The current buzz expression, excuse abuse. Losing it has replaced vicious fucker in every sense. A guy shoots his family, says, “I lost it.”

I was losing it myself, asked,

“Just the once?”

Barbed wire in every nuance.

“Sorry?”

“He walloped you one time, that it?”

“Yes.”

She was lying and I could understand that, maybe even sympathise a little. A thought struck her and, alarmed, she went,

“You won’t do anything, Jack?”

“Do? What could I possibly do? He’s a guard.”

Then the worst moment: she grabbed my hand and I felt the electricity. Christ, you build a wall round your feelings, a veritable fortress to insulate your nerve endings, and one lousy touch, the whole defence crumbles. Fuck and fuck again. She was pleading,

“Jack, I need you to promise, give me your word.”

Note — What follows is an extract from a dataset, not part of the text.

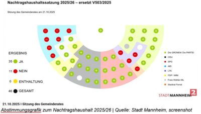 Auch Nalan Erol (LTK) erklärte, die Fraktion werde dem Nachtragshaushalt nicht zustimmen. Mannheim habe in der Vergangenheit keineswegs „über seine Verhältnisse gelebt“. Vielmehr seien die Kommunen strukturell unterfinanziert, weil in Berlin die herrschenden Parteien es nicht wagten, durch eine Steuerreform die Milliardäre zur Kasse zu bitten. Erol begrüßte die Anhebung der Beherbergungssteuer und die Wohnraum-Zweckentfremdungsabgabe. Sie kritisierte dagegen die totale Unterfinanzierung des Eigenbetriebs Stadt-Raum-Service. „Vielleicht müssen wir bald damit rechnen, dass keine Müllfahrzeuge fahren.“ Bezüglich der geplanten Schließung der Albrecht-Dürer-Schule beklagte sie, dass die Darstellung der Verwaltung gegenüber dem Fachausschuss nichts mit der Realität vor Ort zu tun habe. Ferner dürften die für die Mannheimer Bevölkerung so wichtigen Stadtparks nicht in die Insolvenz getrieben werden, indem die notwendige Erhöhung der Betriebskostenzuschüsse vorenthalten werde. Die Prioritäten seien falsch gesetzt und die Lastenverteilung falsch geregelt.

I stood up, felt almost dizzy and definitely nauseous. I reached for some money, scattered it on the table, said,

“I can’t promise that.”

Got outside and the rain was teeming down. When the fuck did that happen? My white shirt was drenched and a passing car sprayed a wave of dirty water over my pants. I could have killed somebody. Turned left, muttered,

“I have an investigation to do. That’s what I’ll do, I’ll investigate.”